• _DATA FOR REVIEW_
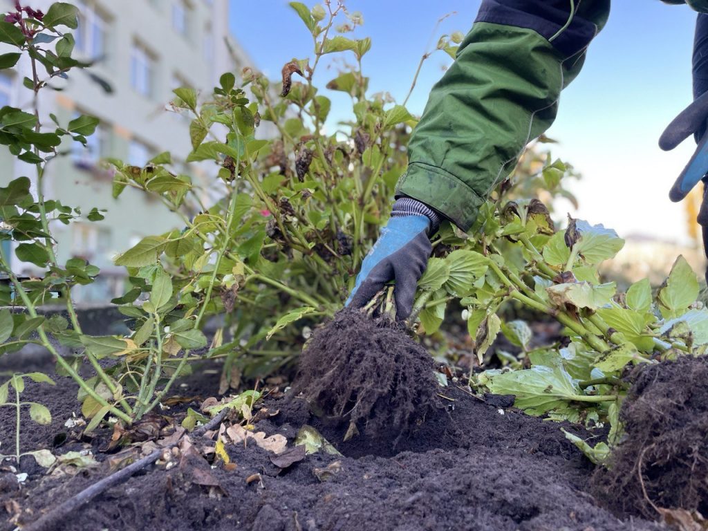 No apstādījumiem tiek izņemtas viengadīgās vasaras puķes. Puķu dobēs tiek saglabātas atsevišķas graudzāles, jo tās labi pacieš salu un turpina izgreznot pilsētu. Pārziemojušās graudzāles tiks apgrieztas pavasarī. Ziemcietes tiek ieziemotas, nogriežot un apsedzot ar skuju zariem.
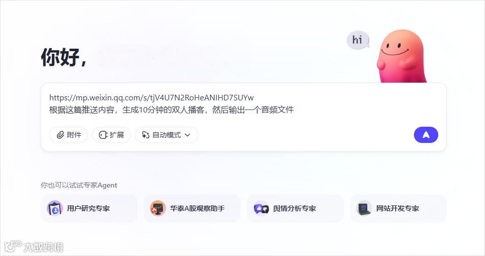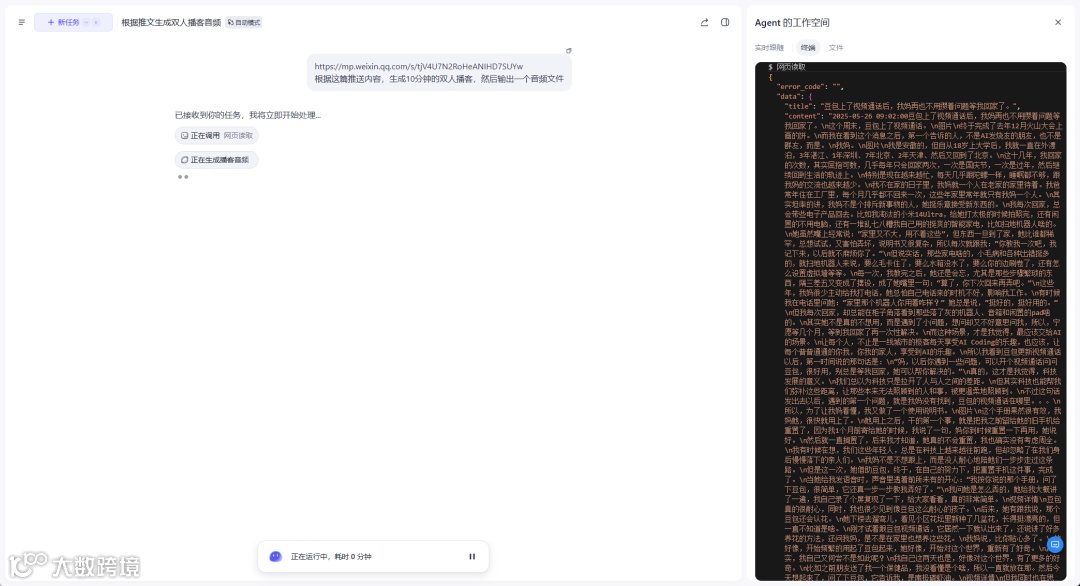 扣子空间将AI播客的生成流程压缩到"一句话指令"的极简程度。用户只需在平台输入:"根据公众号文章《____》生成10分钟双人播客",系统便会自动完成从文本抓取、内容解构、对话生成到语音合成的全流程。我曾用一篇2000字的科技评论进行测试,从提交链接到获得成品仅耗时8分钟——而传统人工制作同质量播客,仅脚本改编和配音就需要2-3小时。
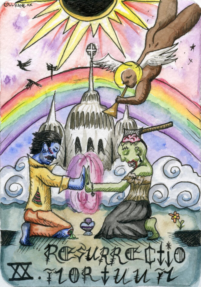 "The ‘resurrection of the dead’, like this card suggests, is a mental concept, where the physical matter is not actually reanimated, but the concepts, spirit, and inspiration they provide are reanimated in the imagination of the human psyche and the social spirit of the people. We see what’s died, literally or metaphorically, in a new way. I see this as a metaphorical raising of the dead, and more of a reanimation of what the dead’s lives represented. This can mean even reanimating or giving new life to aspects of ourselves we had forgotten or needed to cleanse and make new from a period of ‘death’ or transformation.
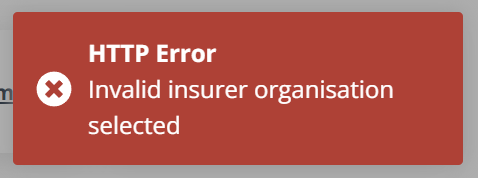 You will receive the below error message if you are trying to send a CNF to an Insurer that is not on the Insurer index.
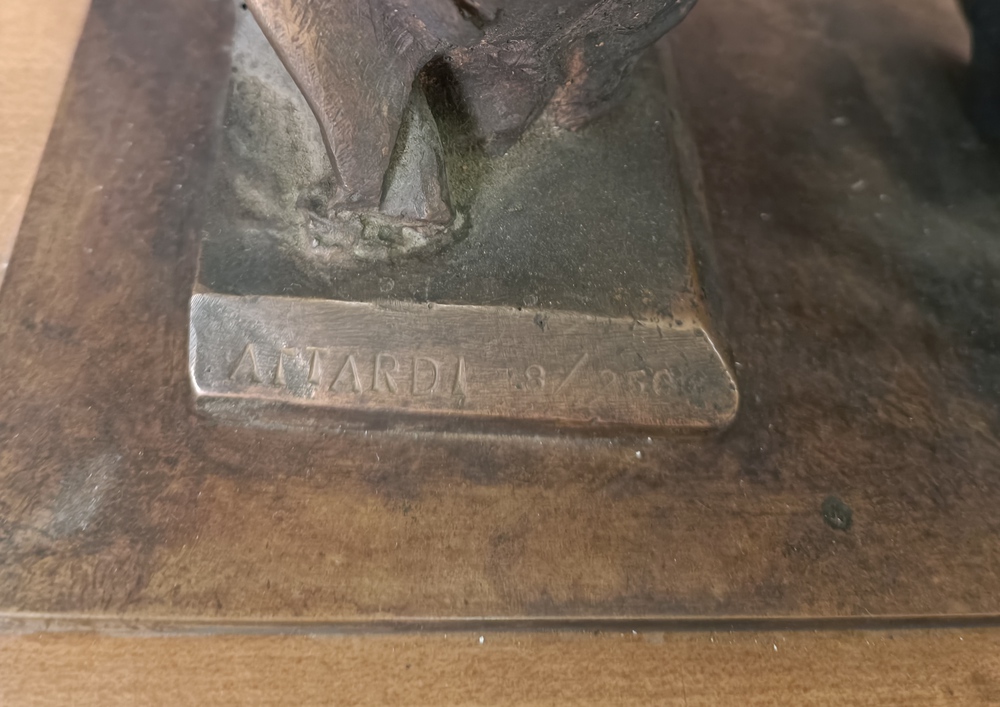 Scultura in bronzo fusione a cera persa 41x25x30 cm, firma e anno sull'opera, tiratura 8/250.

• _YOUR ASSIGNMENT_
Write out the records above exactly. Begin with the first line, end with the line holding "扣子空间将AI播客的生成流程", and drop the pictures.

• _EXERCISE RESPONSE_
 No apstādījumiem tiek izņemtas viengadīgās vasaras puķes. Puķu dobēs tiek saglabātas atsevišķas graudzāles, jo tās labi pacieš salu un turpina izgreznot pilsētu. Pārziemojušās graudzāles tiks apgrieztas pavasarī. Ziemcietes tiek ieziemotas, nogriežot un apsedzot ar skuju zariem.
 扣子空间将AI播客的生成流程压缩到"一句话指令"的极简程度。用户只需在平台输入:"根据公众号文章《____》生成10分钟双人播客",系统便会自动完成从文本抓取、内容解构、对话生成到语音合成的全流程。我曾用一篇2000字的科技评论进行测试,从提交链接到获得成品仅耗时8分钟——而传统人工制作同质量播客,仅脚本改编和配音就需要2-3小时。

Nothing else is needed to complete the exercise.